Export sales will be out in the morning. Sales last week were in line with expectations coming in at 91 TMT, with an additional 412 TMT of new crop sales for combined sales of 503 TMT. It took total old crop sales to 939 mil bu vs 865 mil bu last year. There are 156 mil bu open sales. New crop sales are 94 mil bu. Most business has switched to new crop, so we will maybe see some old crop sales switched to new, which may give us a bad old crop number. But recent price action is telling us we are probably getting some business done, just don't know if it will be on this week's report or next week - or both. Regardless, we will probably see the usual players with Mexico, the Philippines and other Asian flour demand around, as well as some African nations. Look for combined sales between old and new crop to come in around 500 TMT.
For the first time in twelve years, Australia will import wheat due largely to drought conditions there. Typically, Australia is one of the top five exporters in the World of wheat. A small vessel of Canadian wheat is expected to arrive at the end of June to mid-July.
France AgriMer estimated 2018/19 soft wheat exports to destinations outside the EU would total 9.75 MMT, up from a previous estimate of 9.70 MMT. They lowered 2018/19 soft wheat ending stocks by 100 TMT down to 2.3 MMT.
APK-Inform pegged Ukraine's 2019 overall grain production at 69.3 MMT vs 69.8 MMT last year. The overall includes 26.2 MMT of wheat.

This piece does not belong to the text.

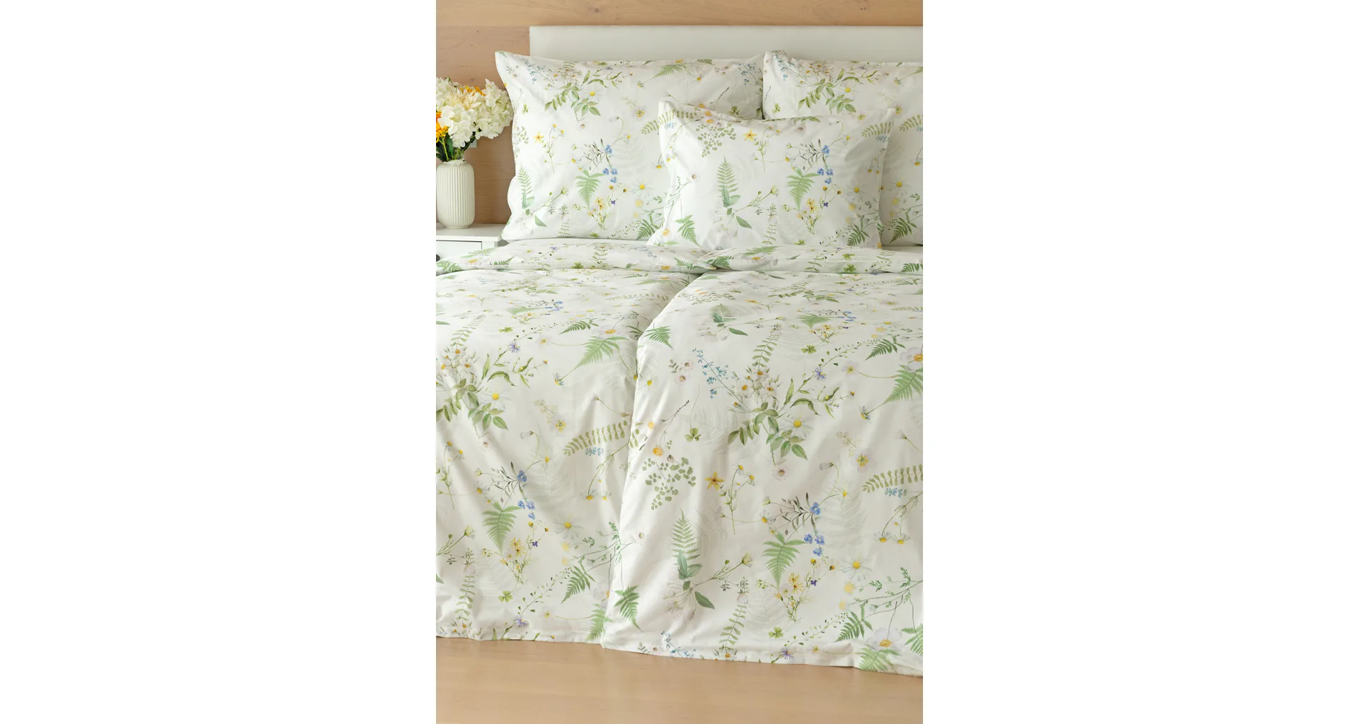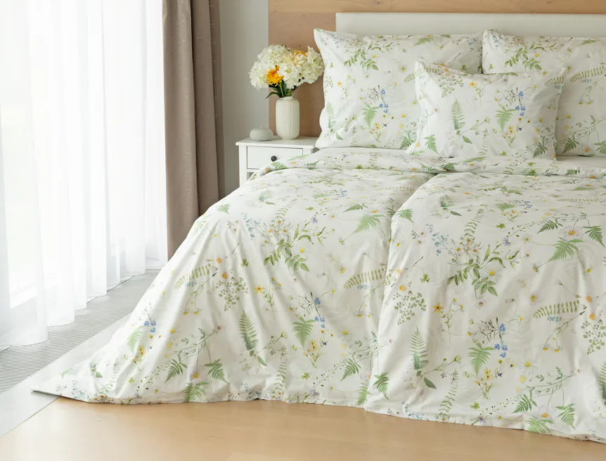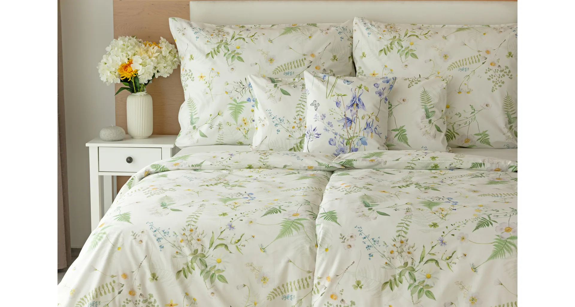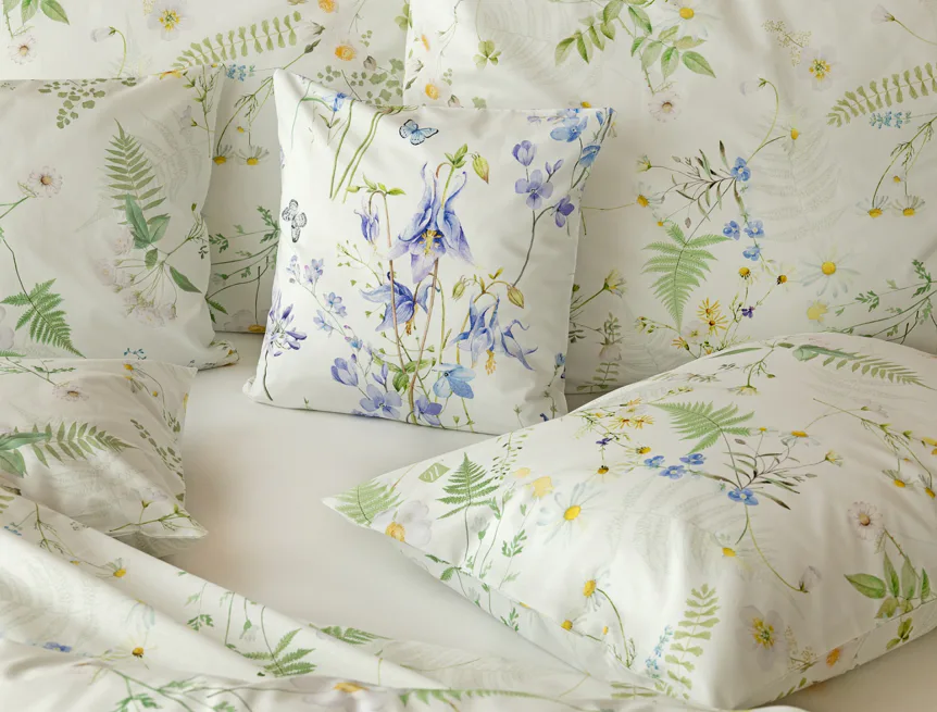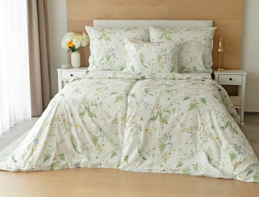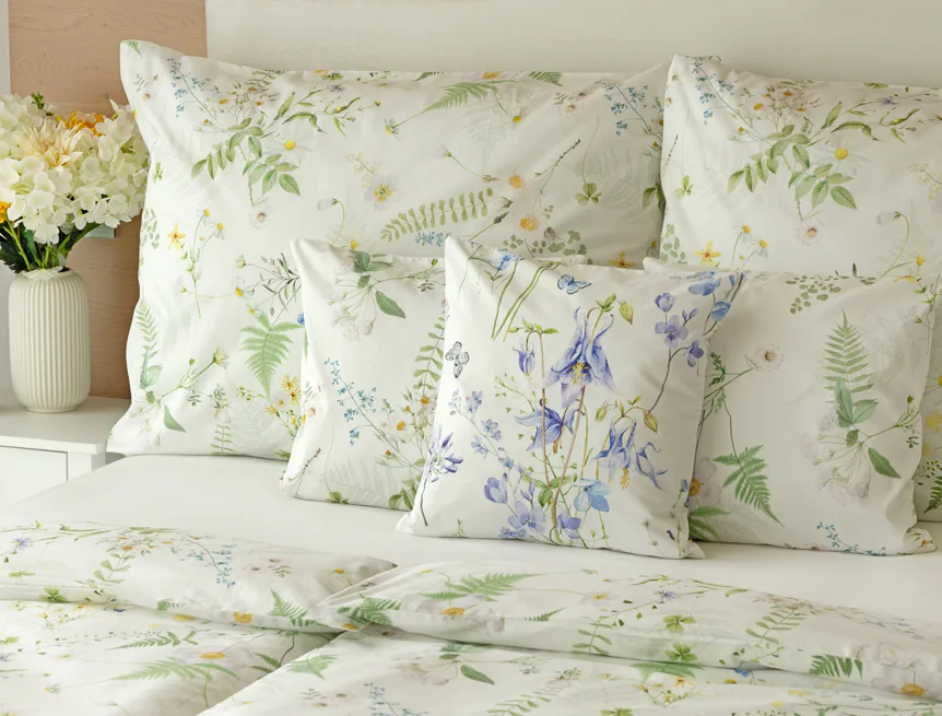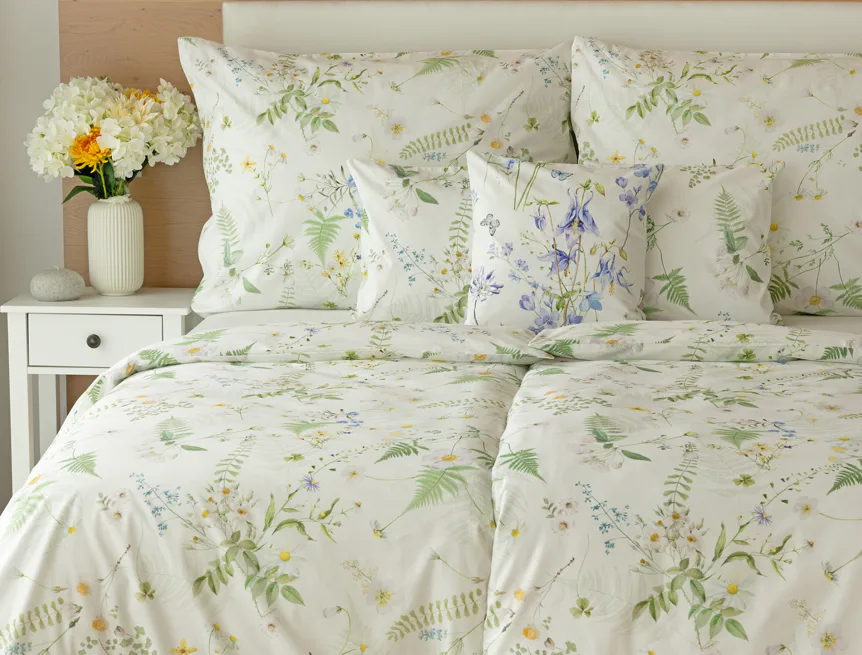 Nežný kvetinový motív posteľného prádla Aria si zaslúži vašu pozornosť. Jemné lúčne kvety, ktoré sú rôzne poprepletané vynikajú na bielom podklade a pôsobia nesmierne čistým dojmom. Dokonalá jarná sviežosť. Vďaka najmodernejšej digitálnej tlačovej technológii vyniká každý kvet v precíznom detaile.

The wheat/corn spreads started the night a little better, as initially we saw limited follow through buying in corn. But then the corn buying surfaced, and the spreads weakened. Wheat futures firmed into the morning pause and that enabled the spread to recoup their minor overnight losses. In a bit of a surprise the wheat buying intensified once we moved into the day session. Why it was surprising was because the weather premium being built into corn is understandable, corn planting progress is only at 30 pct, and the 6 to 10-day maps are wet. But wheat futures do not really have a story right now. We talked this morning that the spread is trying to make a good trade, but with several levels above the market where we should probably find selling, it may be tough. Not surprising, after the strong start to the day the spread reversed, and as wheat futures gradually weakened throughout the day, as did the spread. When you see a specific play (wheat/corn) try and make a good trade over a two or three-day period, warning alarms should be sounding. But until a story surfaces in wheat, or the weather story in corn disappears, now is probably not the right time for this spread to go on a big run to the top side. Look for rallies to continue to be sold.
*** Tunisia bought 75 TMT of opt origin soft wheat. The lowest offer was $195.02/mt CIF.
*** Algeria bought around 600 TMT of opt origin wheat. They reportedly paid between $208/mt and $211/mt CIF. The grain is for July shipment.
*** Jordan made no purchase in their 120 TMT milling wheat tender. Expect them to be back in next week.
*** May 21 Taiwan is in for 111,050 mt of US milling wheat. Shipment is between July 5 and Aug 3.
*** May 21 Jordan is back in for 120 TMT of milling wheat.